Mats Thornes

Personal information
- Full name: Mats Selmer Thornes
- Date of birth: 25 August 2002 (age 23)
- Height: 1.80 m (5 ft 11 in)
- Position: Midfielder

Team information
- Current team: Bryne
- Number: 7

Youth career
- 2007–2020: Vidar

Senior career*
- Years: Team / Apps / (Gls)
- 2018–2019: Vidar / 20 / (1)
- 2021: Øygarden / 23 / (1)
- 2022–2024: Åsane / 34 / (5)
- 2024–: Bryne / 28 / (1)

= Mats Thornes =

Norwegian footballer (born 2002)

Mats Selmer Thornes (born 25 August 2002) is a Norwegian footballer who plays as a midfielder for Bryne FK.

==Career==
Despite hailing from Sola Municipality, Thornes started his youth career in Stavanger club FK Vidar at the age of 4. He made his senior debut in the 2018 2. divisjon. He played more often in 2019, but the team was relegated. In 2020 he only played youth football, as the leagues below the Second Division were cancelled. He was picked up by Øygarden FK on the second tier in 2021, moving to Loddefjord in Bergen. After one season there, he went on to Bergen club Åsane.

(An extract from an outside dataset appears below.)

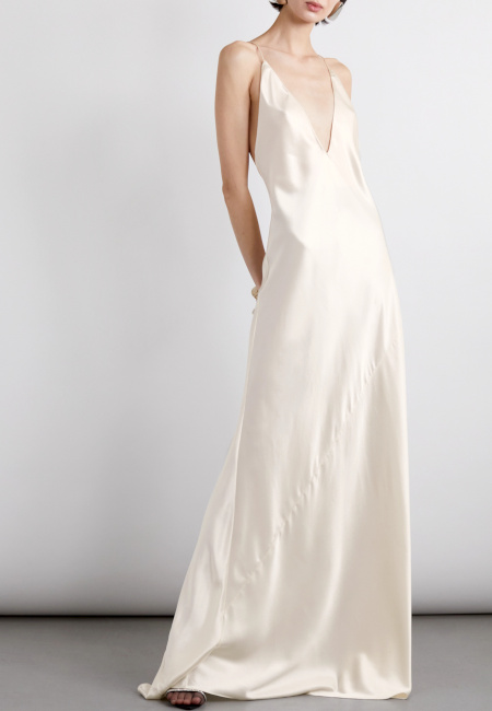 Batteuse au sein d'un groupe de rock indie californien, Amanda peut compter sur la magnanimité paternelle - développeur de génie ayant fait fortune au sein de la Silicon Valley - pour financer sa vie de bohème. Elle considère la cote d'Hedi Slimane largement surévaluée, n'a pas ingurgité un gramme de protéine animale depuis la mort de sa mangouste en 2010 et admire secrètement le style de Veronica Lake. Son choix : un déshabillé au tombé liquide et aux détails sensuels (entre décolleté plongeant, longueur généreuse et dos nu vertigineux) (Saint Laurent).

Thornes lost almost the entirety of 2023 due to injury; for a long time, the nature of the injury was not even known. He eventually underwent surgery in February 2024. Thornes was bought by Bryne FK in the summer of 2024. He helped secure promotion from the 2024 1. divisjon, and made his Eliteserien debut in 2025. Thornes was able to establish himself as a regular in Bryne's team.